SUPPLIED DATA
--- START ---

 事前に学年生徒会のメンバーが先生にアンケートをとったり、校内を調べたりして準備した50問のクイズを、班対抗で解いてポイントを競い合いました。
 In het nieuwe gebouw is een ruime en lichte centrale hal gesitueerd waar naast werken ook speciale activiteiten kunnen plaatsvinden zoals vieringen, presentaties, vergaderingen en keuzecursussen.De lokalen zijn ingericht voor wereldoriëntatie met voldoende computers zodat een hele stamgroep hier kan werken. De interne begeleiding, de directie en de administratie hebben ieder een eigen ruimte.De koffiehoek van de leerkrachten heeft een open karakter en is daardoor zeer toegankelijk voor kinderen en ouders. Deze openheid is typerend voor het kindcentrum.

--- END ---
--- START ---

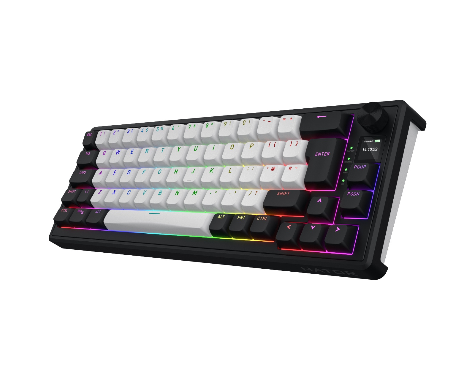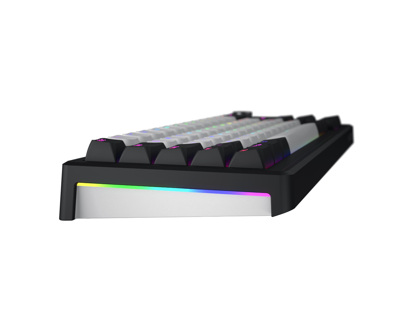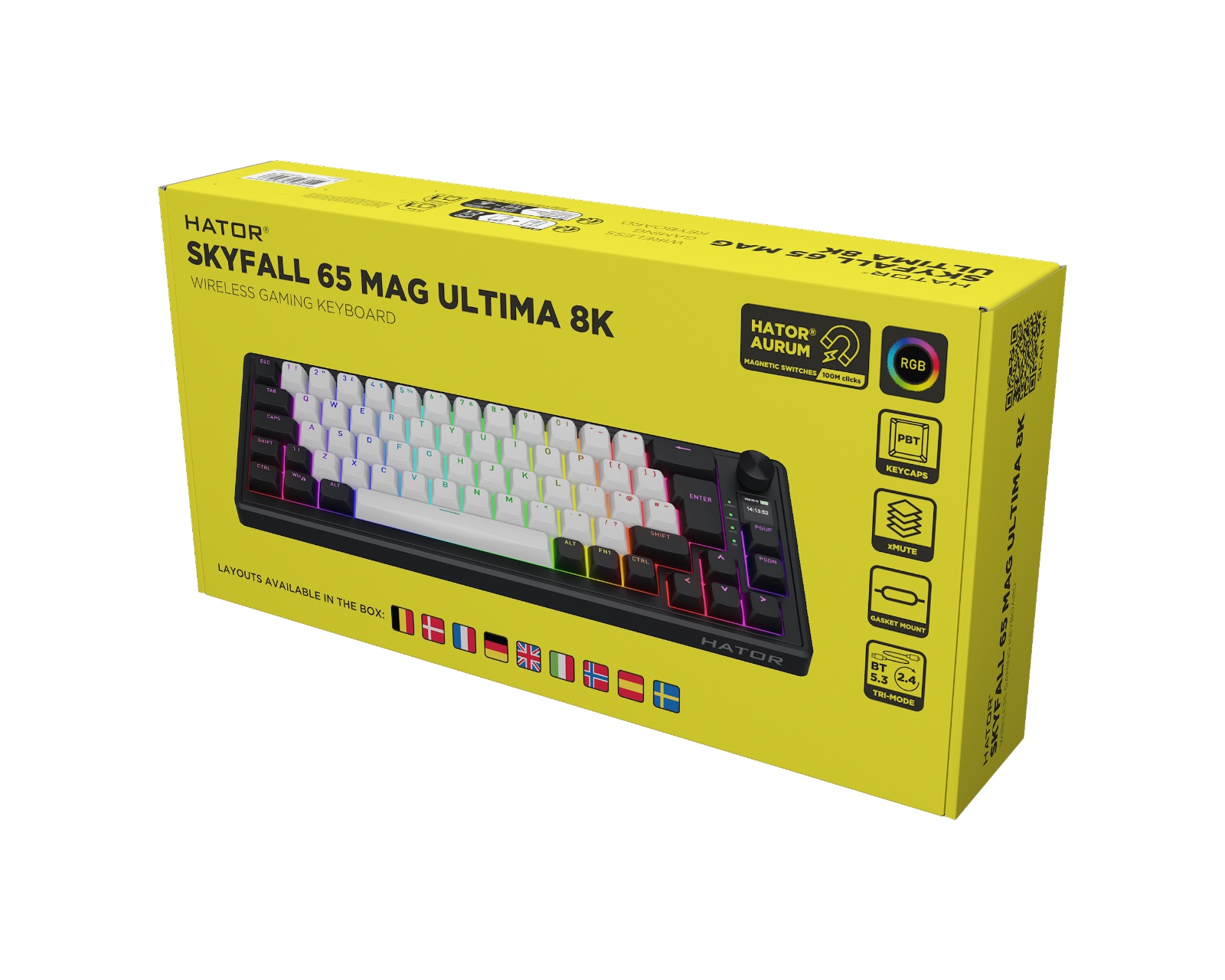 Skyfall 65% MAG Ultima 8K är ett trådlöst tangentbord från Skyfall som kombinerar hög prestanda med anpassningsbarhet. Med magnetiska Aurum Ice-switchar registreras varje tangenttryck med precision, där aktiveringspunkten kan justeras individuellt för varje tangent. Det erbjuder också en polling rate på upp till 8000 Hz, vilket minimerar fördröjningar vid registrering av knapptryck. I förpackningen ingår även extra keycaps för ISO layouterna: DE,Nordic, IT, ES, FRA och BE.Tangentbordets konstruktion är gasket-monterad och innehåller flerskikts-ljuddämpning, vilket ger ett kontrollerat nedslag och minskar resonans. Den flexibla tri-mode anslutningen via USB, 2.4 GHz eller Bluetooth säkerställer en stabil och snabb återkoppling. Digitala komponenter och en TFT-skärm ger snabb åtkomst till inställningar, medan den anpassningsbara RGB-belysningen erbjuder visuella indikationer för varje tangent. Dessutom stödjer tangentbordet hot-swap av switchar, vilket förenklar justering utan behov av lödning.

--- END ---

WHAT IS BEING ASKED
Would you quote everything above from the line containing "事前に学年生徒会のメンバーが" down to the line containing "In het nieuwe"? Include both of those lines and nothing else.

YOUR RESPONSE
 事前に学年生徒会のメンバーが先生にアンケートをとったり、校内を調べたりして準備した50問のクイズを、班対抗で解いてポイントを競い合いました。
 In het nieuwe gebouw is een ruime en lichte centrale hal gesitueerd waar naast werken ook speciale activiteiten kunnen plaatsvinden zoals vieringen, presentaties, vergaderingen en keuzecursussen.De lokalen zijn ingericht voor wereldoriëntatie met voldoende computers zodat een hele stamgroep hier kan werken. De interne begeleiding, de directie en de administratie hebben ieder een eigen ruimte.De koffiehoek van de leerkrachten heeft een open karakter en is daardoor zeer toegankelijk voor kinderen en ouders. Deze openheid is typerend voor het kindcentrum.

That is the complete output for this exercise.